** INFORMATION SHOWN **

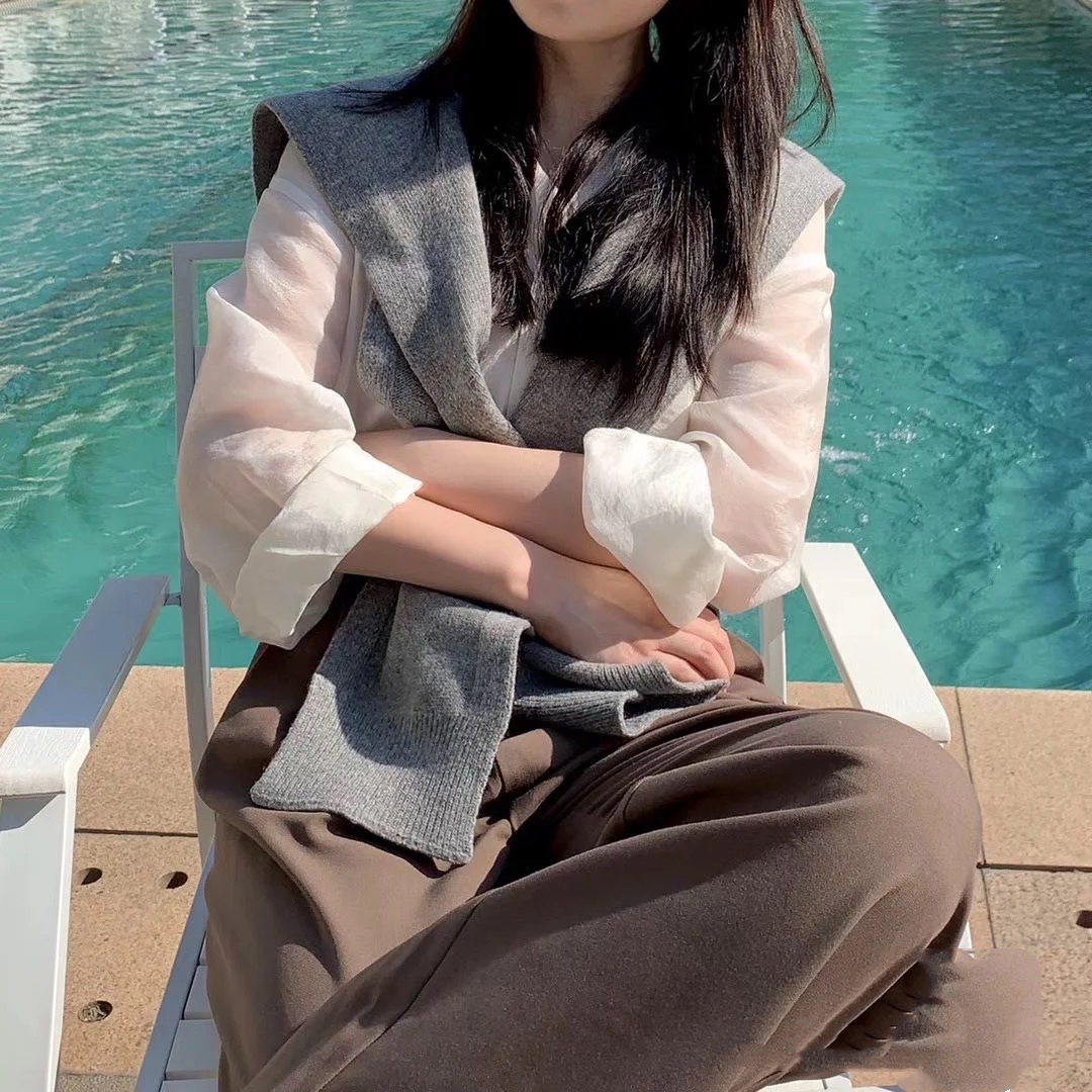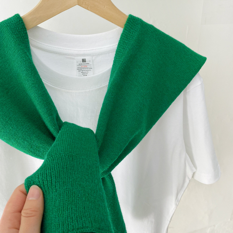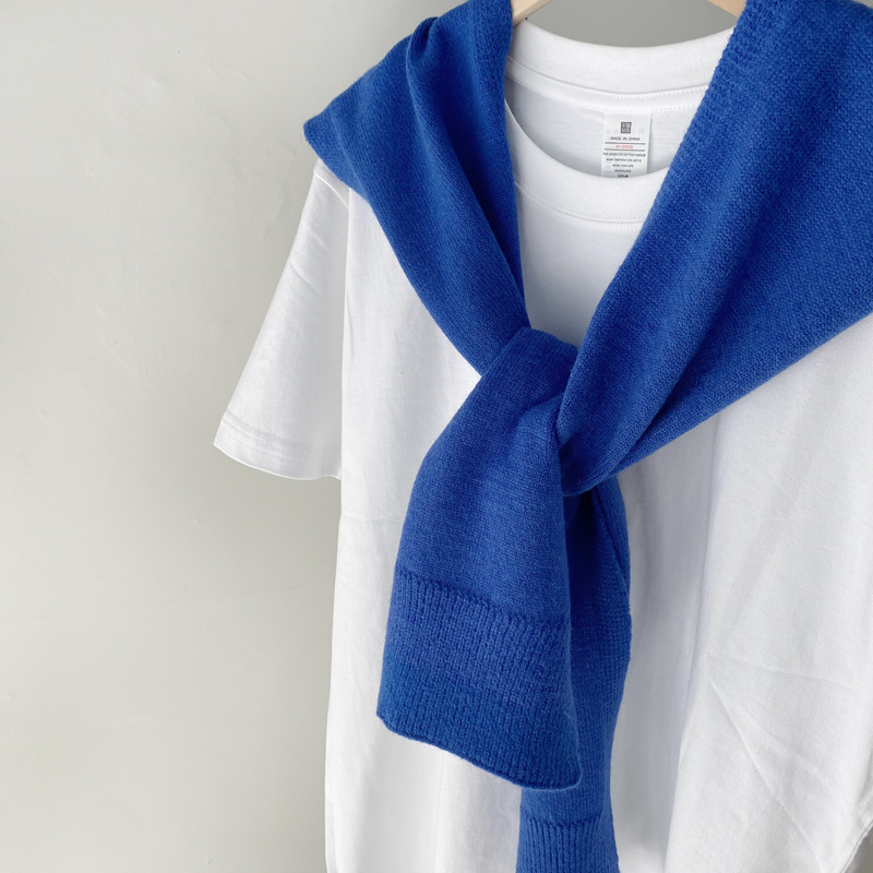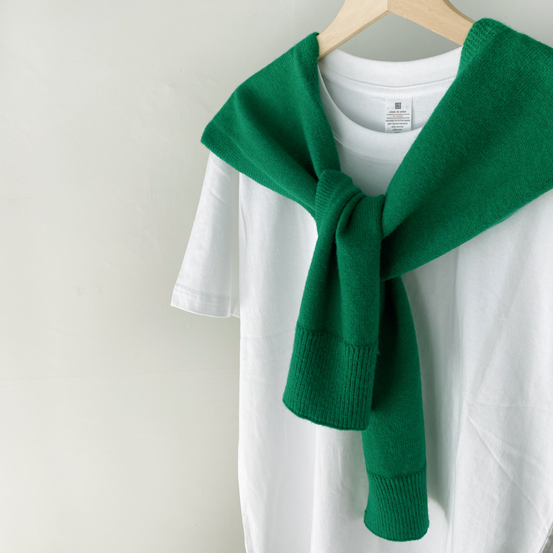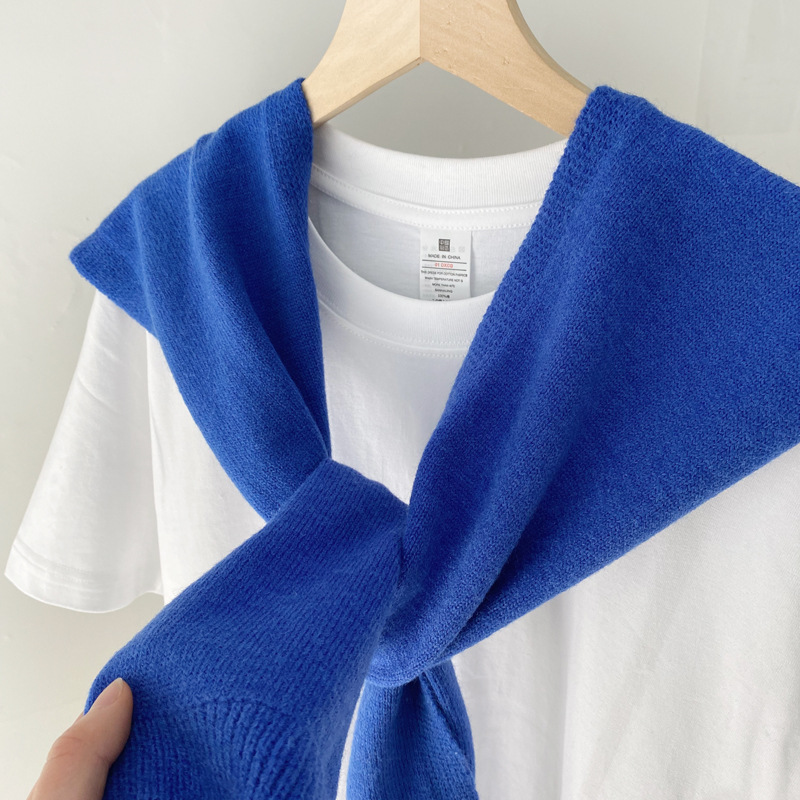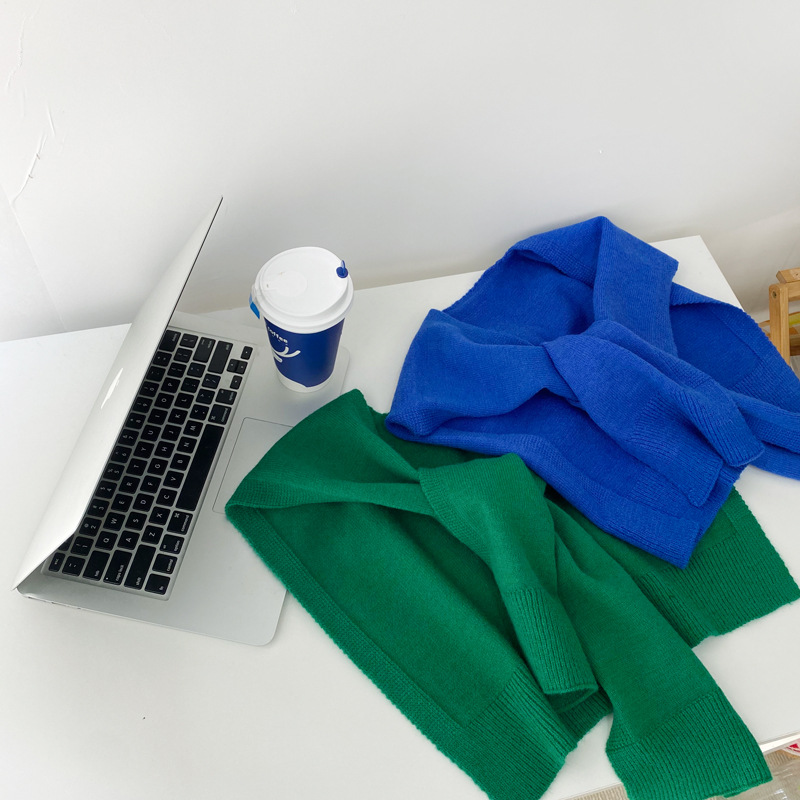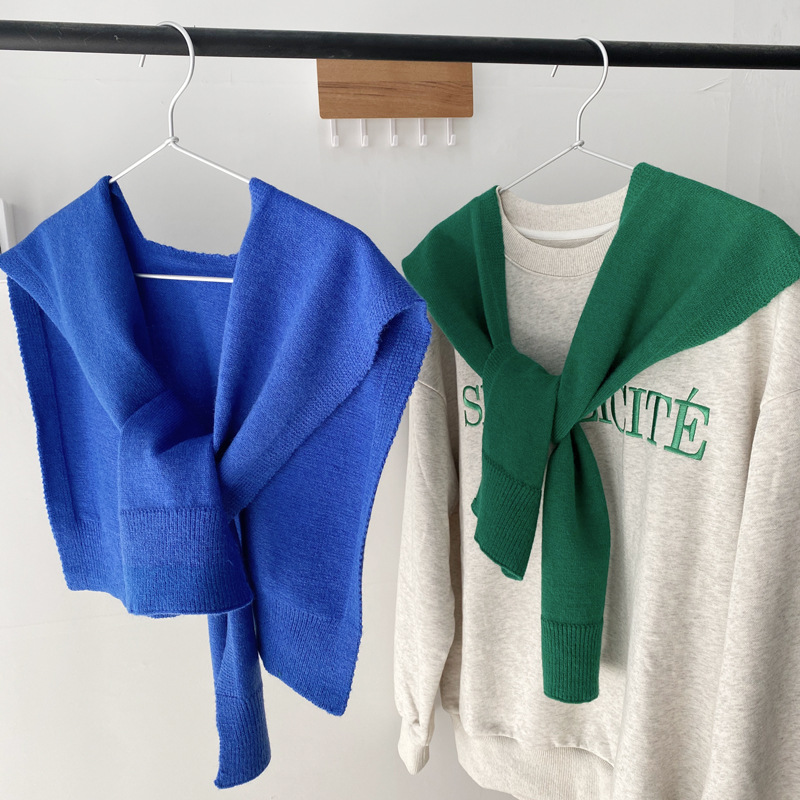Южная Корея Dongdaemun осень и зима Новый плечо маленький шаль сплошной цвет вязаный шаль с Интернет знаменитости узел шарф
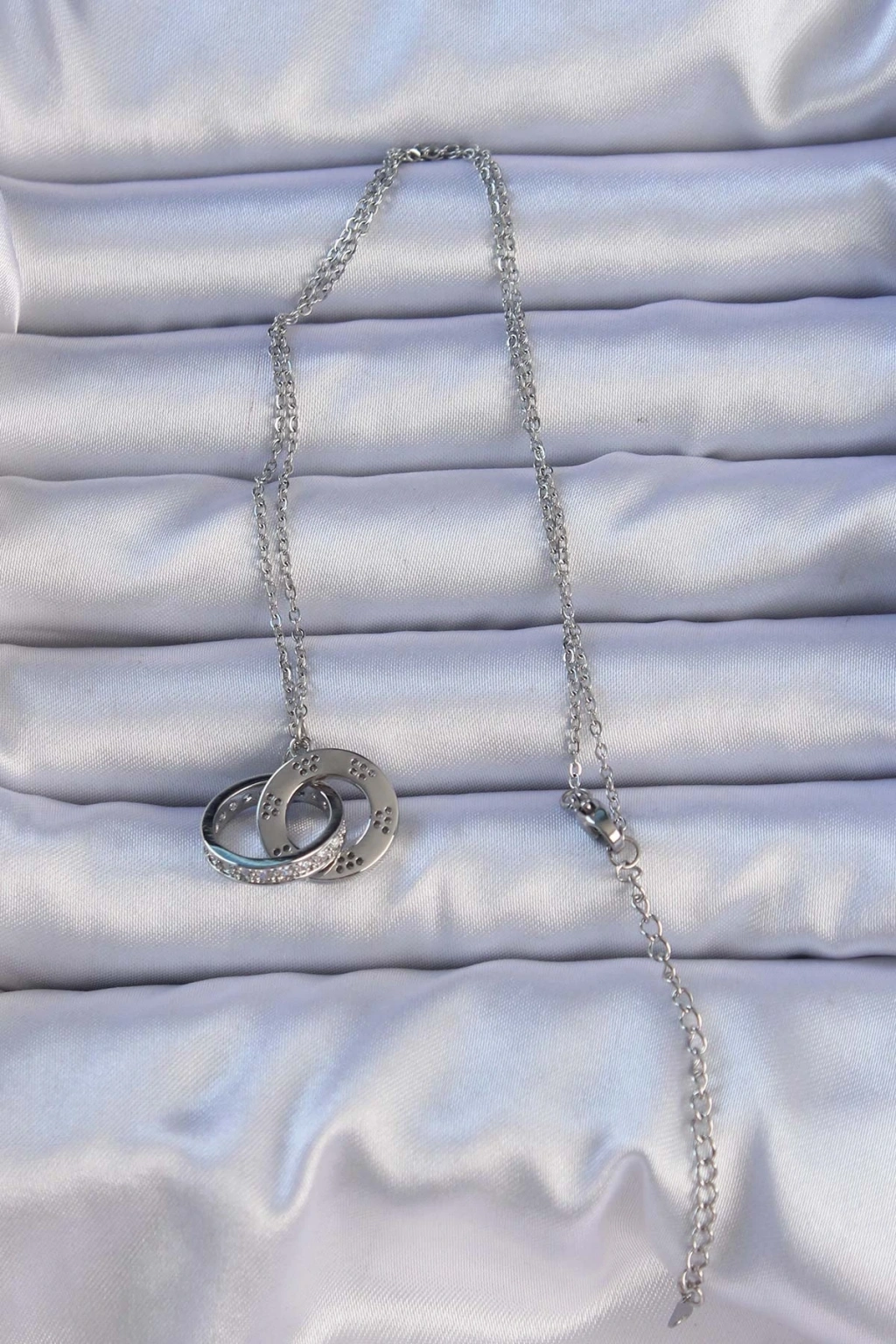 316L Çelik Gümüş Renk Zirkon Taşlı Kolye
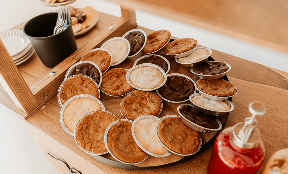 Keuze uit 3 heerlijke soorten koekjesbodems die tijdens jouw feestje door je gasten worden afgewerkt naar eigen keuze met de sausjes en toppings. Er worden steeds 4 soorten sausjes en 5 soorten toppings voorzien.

** WHAT TO PRODUCE **
Would you give the material back exactly, minus the pictures?

** EXERCISE RESULT **
Южная Корея Dongdaemun осень и зима Новый плечо маленький шаль сплошной цвет вязаный шаль с Интернет знаменитости узел шарф
 316L Çelik Gümüş Renk Zirkon Taşlı Kolye
 Keuze uit 3 heerlijke soorten koekjesbodems die tijdens jouw feestje door je gasten worden afgewerkt naar eigen keuze met de sausjes en toppings. Er worden steeds 4 soorten sausjes en 5 soorten toppings voorzien.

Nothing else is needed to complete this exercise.